Genes, which are made of DNA, carry the information for making a cell or a complete organism. But the information by itself is not enough. It takes raw materials and energy, too. Making a cell is somewhat like baking a cake but more complicated. The genes are the recipe, calling for the proper ingredients at the right time. If you leave something out or substitute one ingredient for another, you get a different kind of cake or no cake at all. Leave out the chocolate and the cake is a different color and flavor; leave out the baking powder and you have a flat cake; leave out the flour and you have no cake.

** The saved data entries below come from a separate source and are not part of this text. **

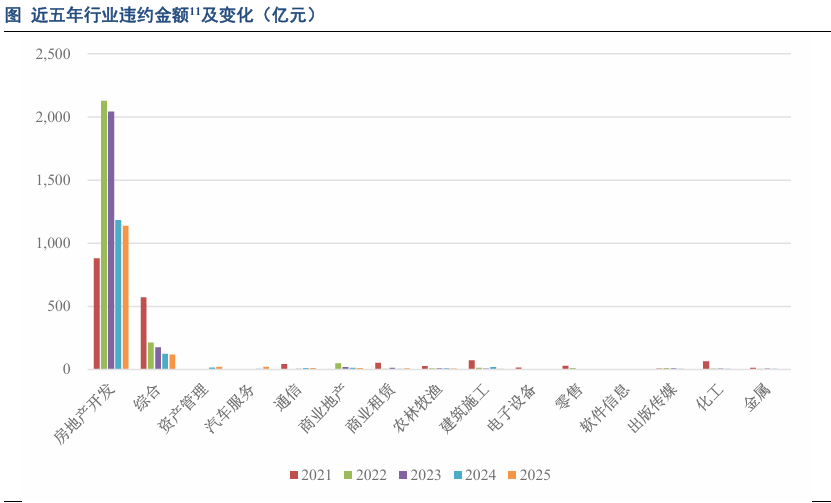 从违约金额来看,近五年民营房地产行业违约仍是主流,2025年房地产开发行业违约金额虽然已经连续三年下降,但仍占到了违约总金额的84.25%。其次违约金额较大的行业为综合类行业(主要是“当代系”、杉杉集团等),此外资产管理行业和汽车服务行业违约金额较大,资产管理行业违约主体为国厚资产管理股份有限公司,违约金额21.88亿元。汽车服务行业违约主体为广汇汽车服务有限责任公司,违约金额21.17亿元。此外2025年建筑施工行业债券违约金额有所下降,2025年新增违约主体欣捷投资,目前已完成兑付。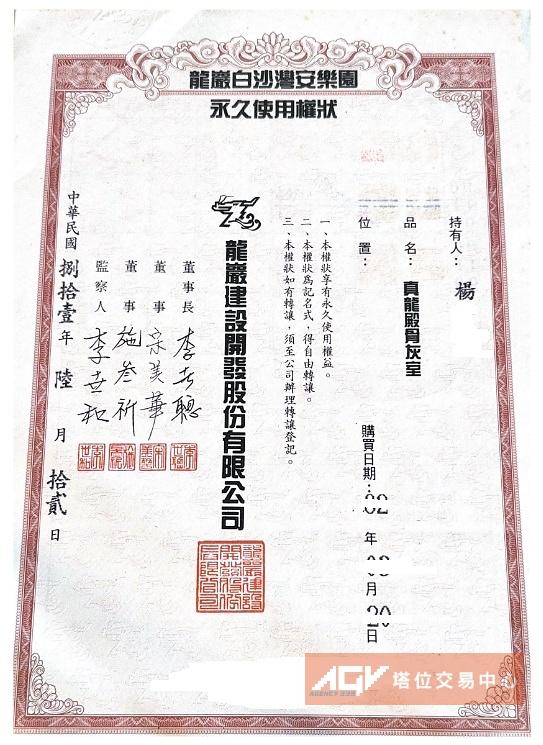 龍巖白沙灣安樂園 真龍殿骨灰室 (個人自售)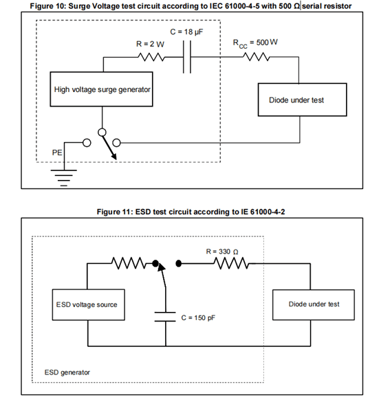 从上图看出以上保护传感器各需要3颗ESD二极管保护,且工作电压为24V,由于考虑到电压的波动建议选取36V保护的ESD二极管,上海雷卯提供SOT-23的双路ESD SM36 ,SOD-323的SD36,DFN1006的SDA3611DN,可以满足以上器件的直接替代。且浪涌保护能力比ST的2A大很多,满足工业控制的测试需求。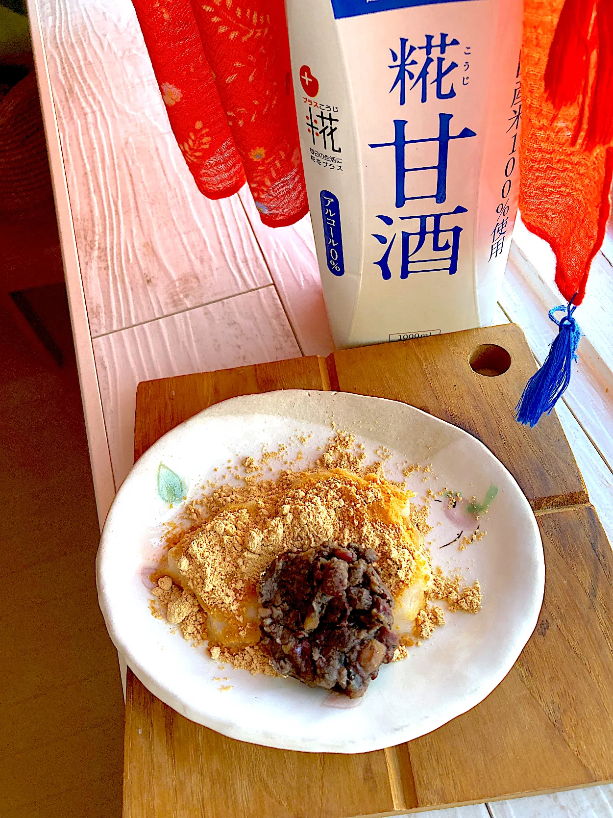レシピでは糀みつ、なるものをかけて食べるとありました。はて🤔初めて聞いた。美味しそう。でも、ないから黒糖で黒蜜を作ってかけようかと思ったけれどあったかいと おもちもどき が溶けそうだなぁと思い直し、乳酸菌きな粉をそのままかけて、黒胡麻発酵あんこをトッピングしました!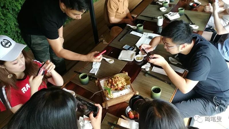 每上来一盘菜,他们岂止是拍照,有的拍短视频,几分钟后,就在群里和朋友圈里可以看到,还配了乐的呢;有的干脆就直播了,零延迟。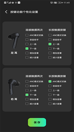 3、左右耳按键功能独立设置,支持自定义操作逻辑;

We can apply this kind of logic to genetic mutation as seen in our red mutant yeast. Mutations are changes in genes; something gets left out so the cells can't grow. Whatever this ingredient is, it is in the YED medium but not in the MV medium. The red mutant cells cannot make this ingredient but the normal cream-colored ones can.
Besides genetic information, the environment also plays a key role in transmitting genetic traits. The traits of all organisms--from yeast to people--are the result of both the information carried in their genes and the environment in which the genes function. In the previous experiments you may have explored the effect of changing some of the genetic information by using cells that have mutant genes. Now you will see what happens to these mutants when you change their environment.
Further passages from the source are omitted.